Les Contes d'Hoffmann
Dessay, Kim, Pavlovskaya, Losier; Spyres, Vas, Naouri; Orchestra and Chorus of the Gran Teatre del Liceu, Denève. Production: Pelly. Erato 46369140, 183 mins, subtitled
This 2013 Barcelona Hoffmann has everything going for it but musical distinction. Laurent Pelly's production is effective and provocative. It casts the opera as the hero's hallucination, with the dislocations and absurdities of a dream, played out on sets (by Chantal Thomas) that impose Cabinet of Dr. Caligari-esque distortions of perspective. Antonia's house breaks apart and reassembles itself like an Erector set, creating precipices that nobody seems to notice. The whirling lobby furniture of Giulietta's Venice suggests the fluid morals of its denizens. Stagehands hoist Olympia up and down on a crane as she sings her bird song; in Hoffmann's deluded eyes, she's flying. Hoffmann dreams here in black and white: the production's subdued color palette is all ashy grays and slate blues, with the costumes (by Pelly himself) in a variety of earth tones. The scheme might well serve for a production of Wozzeck, but the spare elegance of the design gives it an overtone of Parisian chic.
The text for this performance, based on the recent critical edition by Michael Kaye and Jean-Christophe Keck, presents material in nearly every scene that will be unfamiliar to viewers who know Hoffmann in the standard Choudens edition, along with much that's entirely new — an aria for Dapertutto, replacing the spurious "Scintille, diamant"; an extended ensemble closing the Venetian act; a conciliatory aria for Stella in the Epilogue; and an aria for the Muse, backed by chorus, as the work's finale. It's all worth hearing. If only it were better performed! Laurent Naouri is a persuasive advocate for the new Dapertutto number. But Susana Cordón's quavery rendition makes no good argument for the inclusion of the Stella aria. The unsteady mezzo of Michèle Losier renders the finale a distinct anticlimax.
Hoffmann is Michael Spyres, a rising tenor who is making his mark in bel canto assignments, where his firmly knit instrument is a distinct asset. But Hoffmann is central lyric-tenor territory, calling for a voice that opens up on top in a way that Spyres's cannot manage here; in fact, in the high, declamatory lines of the Venice-act finale, Spyres's top all but deserts him. Throughout, his work here seems dutiful rather than abandoned: judging by this video, he hasn't yet developed the panache needed for a role that calls for a star, pure and simple.
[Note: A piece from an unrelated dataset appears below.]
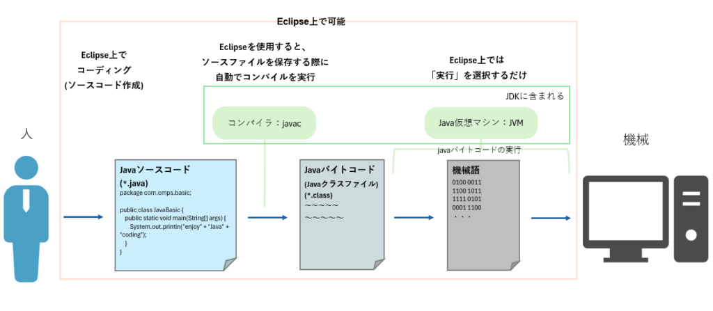 具体的には、Javaのプログラミングから実行までの操作は以下だけです。
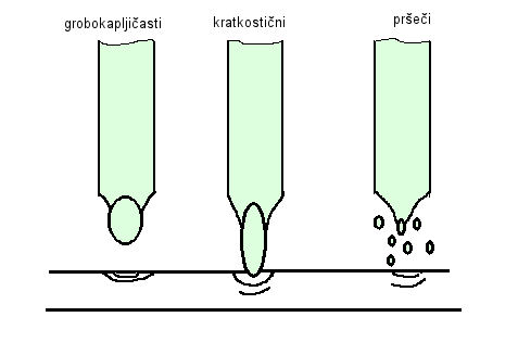 Število kapljic je 10 do 30 na sekundo. Značilno zanj so obžigi materiala in zajede ob zvaru.

Natalie Dessay, having long since left Olympia behind her, is the performance's Antonia. Her physical commitment to the role is undeniable, and in the spoken scene in which Antonia thinks Hoffmann has betrayed her, she delivers the dialogue with the incisiveness of a true tragédienne. But her vocal estate here is dire. The sound is wiry and shrill on top, little more than a hoarse whisper below. The video documents a valuable artist attempting to create an operatic portrayal with painfully limited access to her most important expressive instrument.
The role of the Muse/Nicklausse, in this version the second largest in the piece, is blemished not just by Losier's unsatisfactory singing but by her tendency to mug. Tatiana Pavlovskaya brings a glamorous presence and a blowsy sound to Giulietta. Kathleen Kim's Bride-of-Chucky turn as Olympia lands right on the mark.
The production presents the four villains, in the person of Naouri, as a single character. The bass-baritone's tone is somewhat hollow, but his stylish singing and saturnine mien make his portrayal the most successful in the video. (Bravo, too, to whoever decided to apply black polish to his fingernails — a wonderfully perverse detail.)
As if taking his cue from the somber staging, conductor Stéphane Denève offers a reading that's notably short on high spirits. Or perhaps it's simply that, for the most part, he doesn't have singers who can perform this music with the zest it needs.